Observation density of simulated emissions by source, bounded strictly by 0.

Next, we will use a different way of plotting densities that is more appropriate. The default settings in obs_density() are designed to be compatible with typical emissions data, such as appropriate kernel types, bandwidths, bounds, and estimators, for non-zero data, as well as a better default bandwidth estimator. Furthermore, we can store the results directly in our environment rather than them being inside the ggplot object.

obs_dens_results = obs_density(data = dat_emiss)
Obs_onPoint = obs_dens_results$Obs_onPoint
obs_den_df = obs_dens_results$obs_den_df

The figure below shows the overall observation density of the combined source population, of which it is our goal to determine an appropriately representative likelihood distribution from which to calculate the UPL. This figures uses pop_distr_theme() and plots the obs_density() results above using ggplot2::geom_line() and ggplot2::geom_line(). The emission observations themselves are indicated as points and as a rug underneath the plot.
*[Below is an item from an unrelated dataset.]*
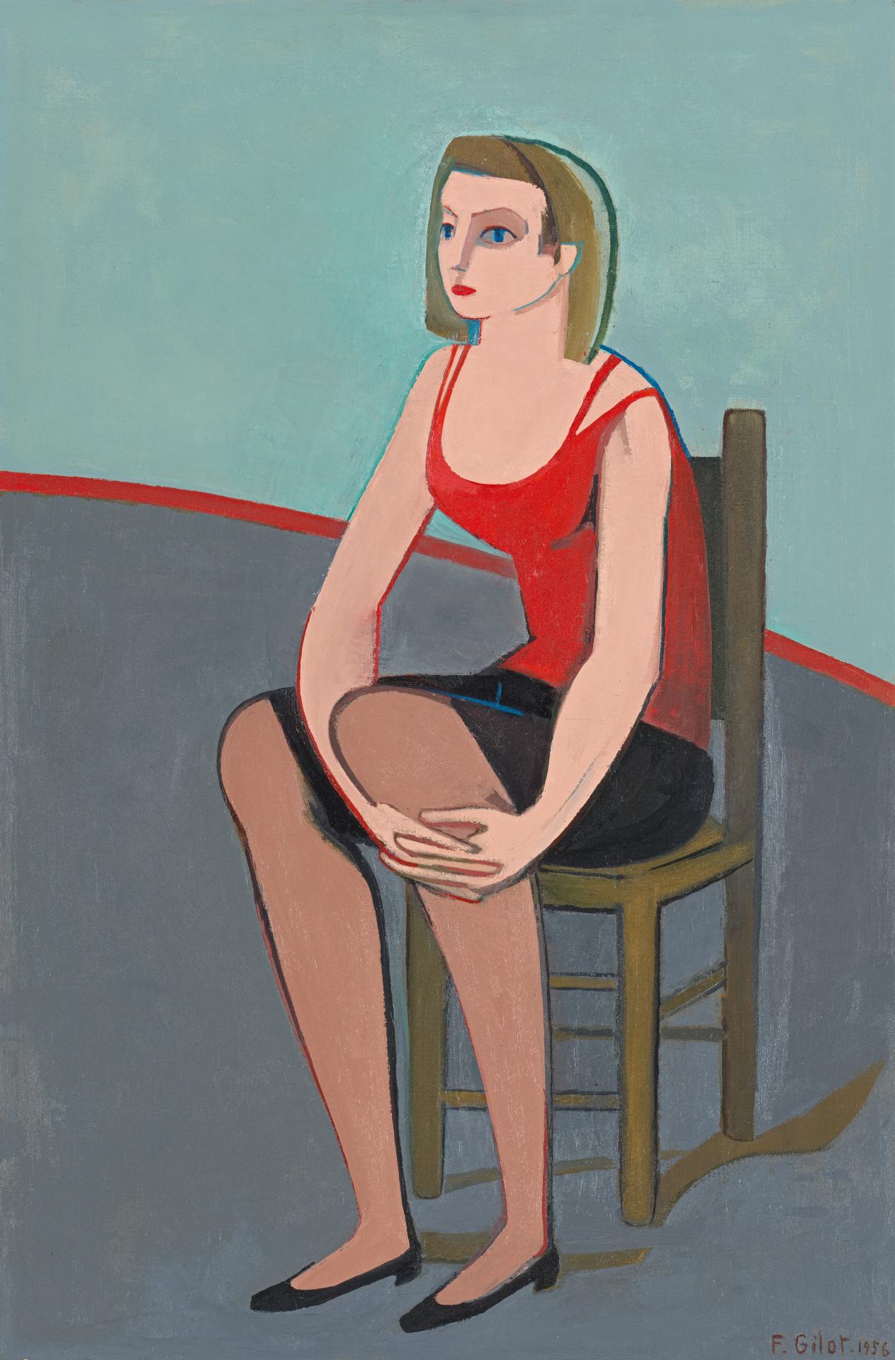 In Blue eyes, 1956, Germaine Brocks is shown seated on a chair in a neutral space with a thin red skirting board, her hands clasped around her left knee, and her piercing blue eyes anchoring the composition. While Brocks often posed for Gilot in ballet costume, here she wears everyday attire that captures perfectly the spirit of modernity in 1950s Paris.

ggplot(data = Obs_onPoint)+
  geom_line(data = obs_den_df, aes(y = ydens, x = x_hat), 
            size = 0.75, color = 'black')+
  geom_area(data = obs_den_df, aes(y = ydens, x = x_hat), 
            alpha = 0.25, fill = 'black')+
  geom_point(aes(y = ydens,x = emissions),
             size = 3, alpha = 0.5, shape = 19, color = 'black')+
  ylab("Density")+xlab("Emissions")+
  ggtitle("Overall observed population")+
  pop_distr_theme()+
  scale_x_continuous(expand = expansion(mult = c(0, 0.05)))+
  scale_y_continuous(expand = expansion(mult = c(0, 0.05)))+
  coord_cartesian(clip = 'off')+
  geom_rug(sides = 'b', aes(x = emissions), data = dat_emiss,
           alpha = 0.5, outside = TRUE, color = 'black')

Observation density of IIS HCl emissions top performers overall population.

Details

In most situations, we will want more control over the density than ggplot2::geom_density() provides, and we will want to use the observation densities outside of the plot later on. For example, all emissions data will be bounded by 0 and will often have an upper bound as well. Due to the strictly positive nature of emissions data, a gaussian kernel is not often a good choice. There are numerous types of empirical density functions in R and density estimation is an extensive body of research in its own right. Given an appropriate choice of kernel and bandwidth, the results using different methods are very similar.

We recommend the obs_density() function in UPLforOAR, which builds on the np::npuniden.boundary() function, a more accurate density function for bounded data. By default, obs_density() will assume a lower bound of 0, no upper bound, and the kernel type is gamma. Other kernel types accepted by np::npuniden.boundary() can be used, for example if data are percent removals instead of emissions then "beta1" or "beta2" with an upper bound of 1 are more appropriate. The default bandwidth bw is $\sigma*n^{-2/5}$ (Renault & Scaillet 2004), though manual values or a least-squares or likelihood search can be used instead by setting bw = "cv.ls" or bw = "cv.ml".

The results of obs_density() include ObsonPoint, with the observation densities paired with each emission value in the provided data set, and obs_den_df, a sequence of densities across a range of possible emission values (xvals) based on the observed emissions. The range of emissions xvals can be supplied manually, and by default is seq(0,3*max(data$emissions,length.out=1024)).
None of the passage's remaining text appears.